Een CAN-bus is een seriële veldbus die Bosch oorspronkelijk ontwikkelde om kabelbomen te verminderen en zo gewicht en kosten te besparen. Hij werkt volgens het multimasterprincipe en verbindt dus verschillende gelijk geautoriseerde controleapparaten. Gelijktijdige bustoegang wordt opgelost met behulp van de CSMA/CR-methode, waarbij toegang prioriteit krijgt op basis van bits die zijn gedefinieerd als dominant of recessief, afhankelijk van de status. Dit betekent dat parallelle lijnen kunnen worden uitgespaard.
CAN-bussen zijn verkrijgbaar in versies met koperdraad of glasvezel. CAN-netwerken volgen een lineaire topologie, hoewel uitlopers in beperkte mate zijn toegestaan en een stervormige busstructuur ook mogelijk is, bijvoorbeeld in de centrale vergrendeling van voertuigen. Stervormige topologieën hebben echter het nadeel dat alle verbindingen worden bestuurd via een centrale computer, die niet kan worden omzeild in het geval van een storing. Lineaire bussen zijn parallel gerangschikt op een centrale lijn. De bus valt dus alleen uit als deze lijn uitvalt, niet als individuele besturingseenheden uitvallen.
CAN-protocollen worden voornamelijk gebruikt in veiligheidsrelevante gebieden, bijvoorbeeld hier:
-
Auto industrie (netwerken van besturingseenheden, sensoreenheden en multimedia-eenheden)
-
Automatiseringstechnologie (tijdkritische sensoren in het veld, bewakingsapparatuur)
-
Medische technologie (bijv. voor MRI- en CT-apparaten, laboratoriumapparatuur of elektrische rolstoelen)
-
Besturing van digitale eindversterkers in geluidssystemen
-
Veiligheidstechnologie (voor interne netwerken in assemblages of externe netwerken van afzonderlijke componenten)
Aangezien CAN-bussen geen groot zendbereik hebben, worden ze voornamelijk gebruikt in lokale machines.
Als er grote hoeveelheden gegevens moeten worden verzonden, is EtherCAT geschikter en wordt daarom ook de voorkeur gegeven aan bijzonder snelle toepassingen.

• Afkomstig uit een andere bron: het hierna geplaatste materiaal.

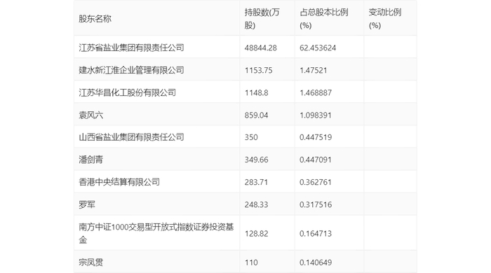 一季报显示,2024年一季度末公司十大流通股东中,新进股东为南方中证1000交易型开放式指数证券投资基金,取代了上年末的向上。在具体持股比例上,江苏华昌化工股份有限公司、袁风六、潘剑青、香港中央结算有限公司持股有所上升。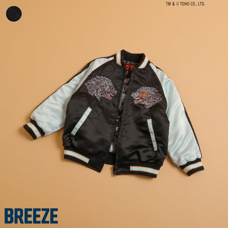 【新作】【ゴジラ】蓄光刺繍リバーシブルスカジャン ▽▽ 光る 男の子 BREEZE ブリーズ 子供服 キッズ ベビー アウター ジャンパー ダウンジャケット ブルゾン 中綿キルト 冬 エフオー FO △△ j502965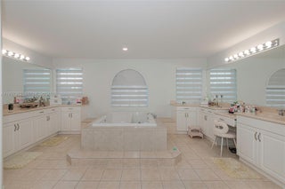 Welcome to this beautifully renovated and elegant, spacious residence offering 6 bedrooms and 4 bathrooms, perfectly situated on an expansive 17,727 sq ft lot. Thoughtfully updated throughout, this home combines modern luxury with comfort and functionality. Enjoy peace of mind with a new roof and new A/C system, along with a brand-new modern kitchen featuring sleek cabinetry, stainless steel appliances, and refined finishes—perfect for both everyday living and entertaining. The home showcases new modern flooring, fully remodeled bathrooms, and has been freshly painted inside, complemented by new modern blinds throughout. The master bedroom features direct access to a private terrace, offering the perfect setting to enjoy stunning sunset views. Additional highlights include a 3-car garage, accordion shutters throughout, and generous indoor and outdoor living spaces ideal for families of all sizes. Located in a well-established community offering excellent amenities and a clubhouse. HOA includes cable, internet, and alarm services. Situated within an area known for top-rated “A” schools. A true turnkey opportunity, schedule your private showing today.

Het op ethernet gebaseerde EtherCAT-veldbussysteem is een zeer snel industrieel ethernetsysteem dat ook geschikt is voor tijdkritische Motion Control-toepassingen. Typische toepassingsgebieden voor EtherCAT:
-
Robotica
-
CNC-bewerkingscentra
-
Verpakkingsmachines
-
Hydraulische bedieningselementen
EtherCAT maakt ook gebruik van het master-slaveprincipe, maar gaat anders te werk bij het verzenden en evalueren van de gegevenspakketten: In plaats van eerst het Ethernet-datapakket voor elke verbinding te ontvangen, dit vervolgens te interpreteren en ten slotte de procesgegevens te kopiëren, haalt EtherCAT de uitvoergegevens eruit terwijl het telegram door het slaveapparaat gaat en voegt de invoergegevens toe. De vertraging van het telegram bedraagt slechts enkele nanoseconden. De gebruikersdatasnelheid wordt verhoogd tot meer dan 90%, aangezien een Ethernet-frame de gegevens van veel apparaten in gelijke mate bereikt in de zend- en ontvangstrichting. Bovendien worden de full-duplex eigenschappen van de 100BASE-TX standaard volledig benut en worden hoge effectieve gegevenssnelheden bereikt.
Wat is een Profibus?
Profibus is de universele veldbus met een groot aantal toepassingen in proces-, productie- en gebouwautomatisering. Het voordeel is dat het communicatie tussen apparaten van verschillende fabrikanten mogelijk maakt zonder dat speciale interfaceaanpassingen nodig zijn. Als multimastersysteem zorgt het er bovendien voor dat verschillende automatiserings-, engineering- of visualisatiesystemen kunnen worden bediend met gedecentraliseerde randapparatuur op één bus. Profibus is geschikt voor complexe communicatietaken en voor snelle en tijdkritische toepassingen en maakt onderscheid tussen de volgende apparaattypen:
-
Masterapparaten die het dataverkeer met de bus bepalen. Ze zijn actieve deelnemers en kunnen berichten verzenden zonder extern verzoek als ze toegang hebben tot de bus (token).
-
Slave-apparaten die als passieve deelnemers zonder toegangsbevoegdheid tot de bus alleen ontvangen berichten bevestigen en op verzoek berichten naar het master-apparaat kunnen sturen. Slave-apparaten zijn randapparaten zoals kleppen, zenders, aandrijvingen of in-/uitvoerapparaten. Aangezien ze slechts een klein deel van het busprotocol nodig hebben, kunnen ze met weinig moeite worden geïmplementeerd.
Omvormers
Converters zetten verschillende interfaces om naar andere standaarden. Ze maken communicatie mogelijk tussen apparaten met verschillende aansluitingen die zonder converter niet compatibel zijn, bijvoorbeeld tussen een apparaat met een RS485-interface, zoals een meetapparaat, en een apparaat met een USB-interface, zoals een computer. Hierdoor kunnen de meetresultaten van het meetapparaat worden overgedragen naar de computer.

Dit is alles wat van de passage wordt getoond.